**DATA BELOW:**
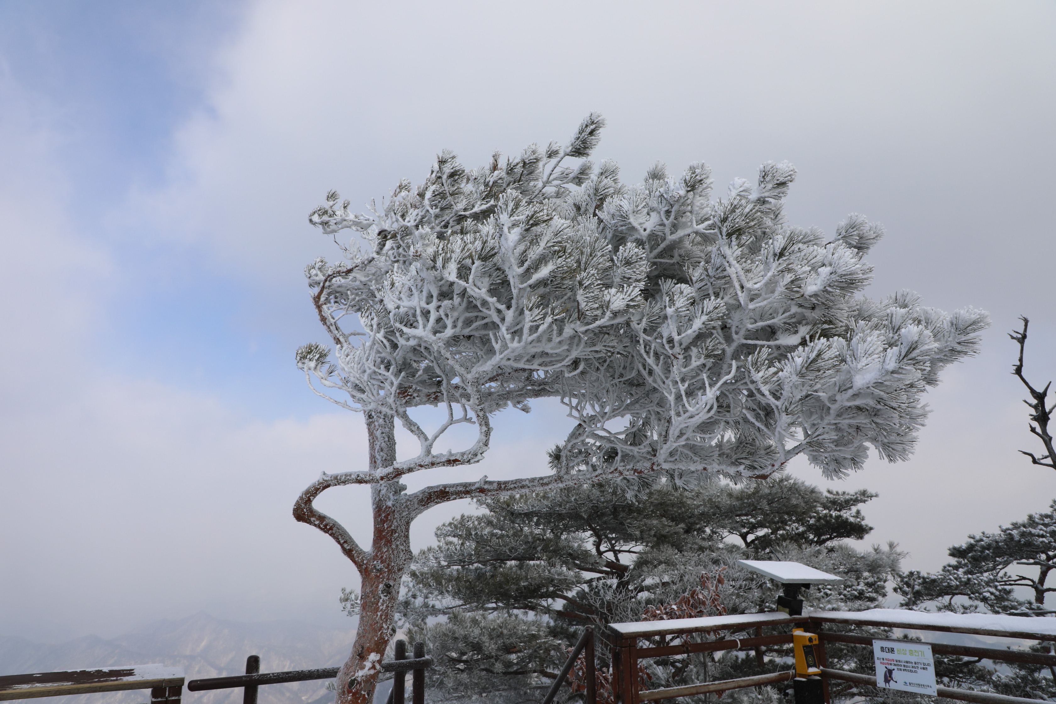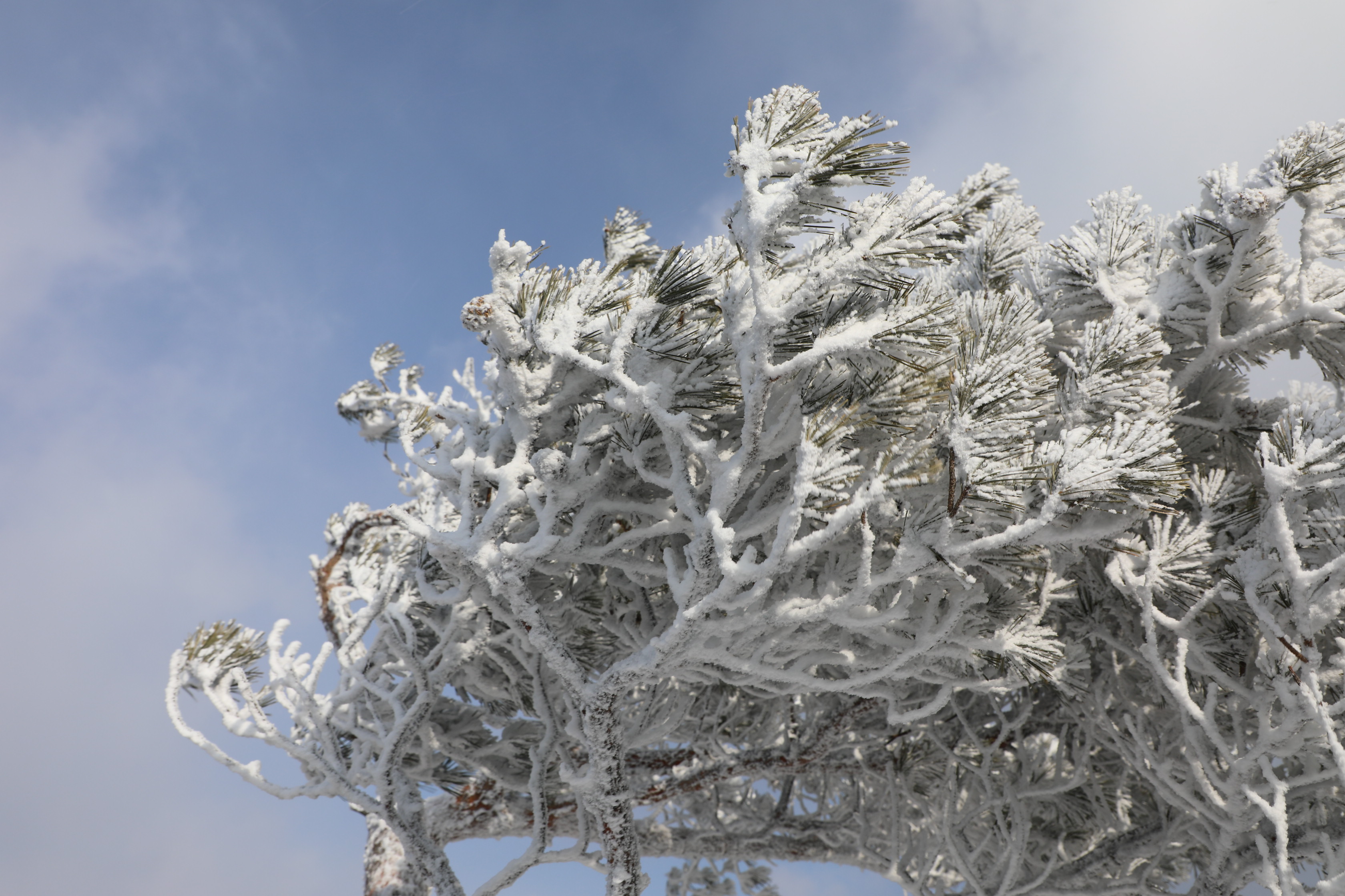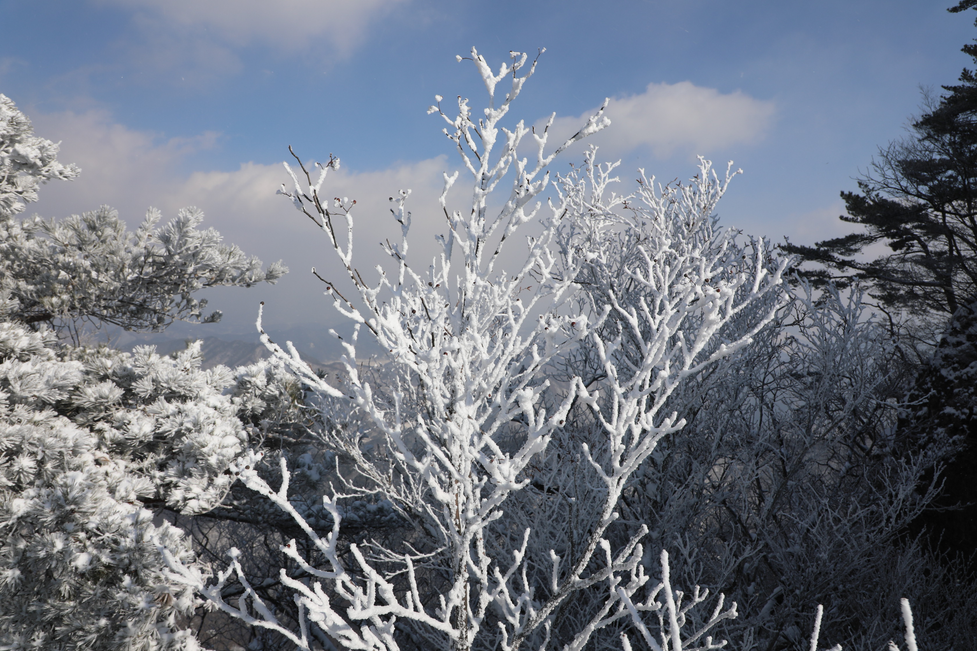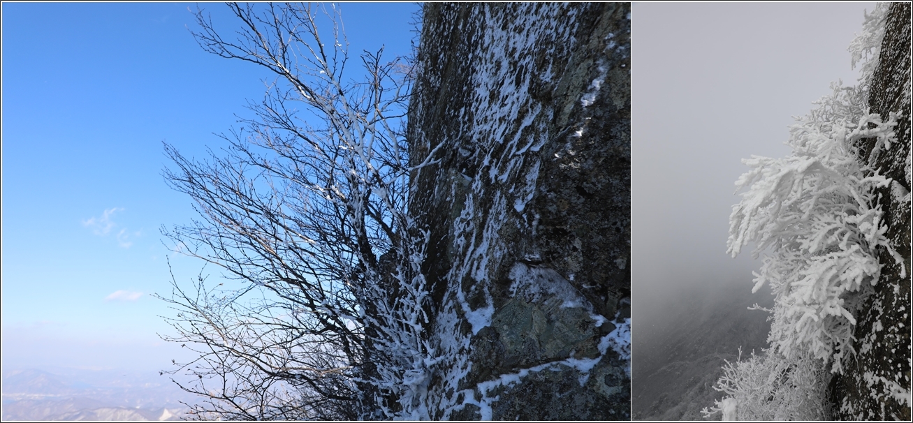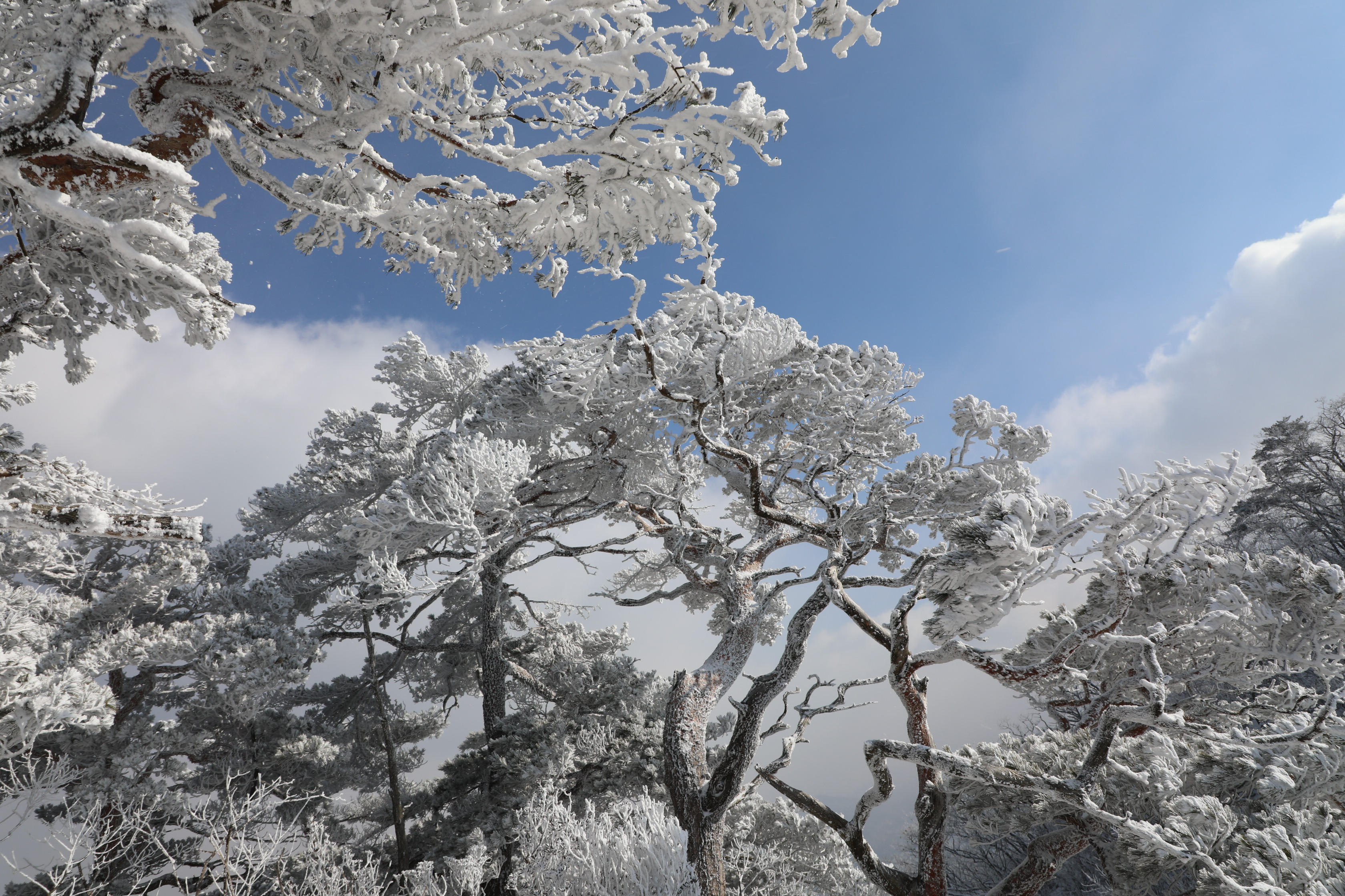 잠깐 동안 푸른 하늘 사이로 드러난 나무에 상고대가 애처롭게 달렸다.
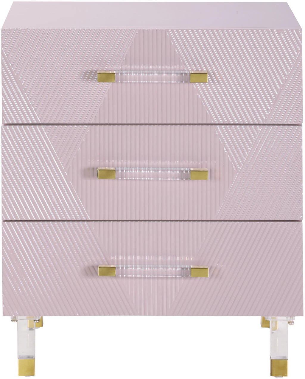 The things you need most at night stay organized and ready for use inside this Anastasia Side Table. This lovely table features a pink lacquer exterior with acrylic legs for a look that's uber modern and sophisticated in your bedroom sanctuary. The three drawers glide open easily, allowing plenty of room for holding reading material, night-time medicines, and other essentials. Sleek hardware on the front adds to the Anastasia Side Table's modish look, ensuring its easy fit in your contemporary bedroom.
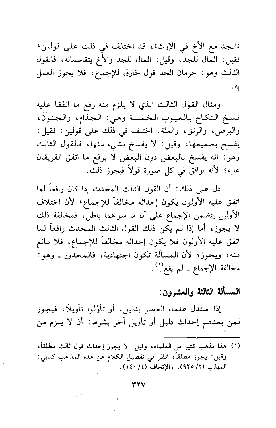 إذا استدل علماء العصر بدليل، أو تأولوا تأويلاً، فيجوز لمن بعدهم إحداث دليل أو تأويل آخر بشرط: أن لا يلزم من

**ACTION ITEM:** Reproduce the data verbatim. Do not carry any picture into the copy.

**EXERCISE RESULT:**
 잠깐 동안 푸른 하늘 사이로 드러난 나무에 상고대가 애처롭게 달렸다.
 The things you need most at night stay organized and ready for use inside this Anastasia Side Table. This lovely table features a pink lacquer exterior with acrylic legs for a look that's uber modern and sophisticated in your bedroom sanctuary. The three drawers glide open easily, allowing plenty of room for holding reading material, night-time medicines, and other essentials. Sleek hardware on the front adds to the Anastasia Side Table's modish look, ensuring its easy fit in your contemporary bedroom.
 إذا استدل علماء العصر بدليل، أو تأولوا تأويلاً، فيجوز لمن بعدهم إحداث دليل أو تأويل آخر بشرط: أن لا يلزم من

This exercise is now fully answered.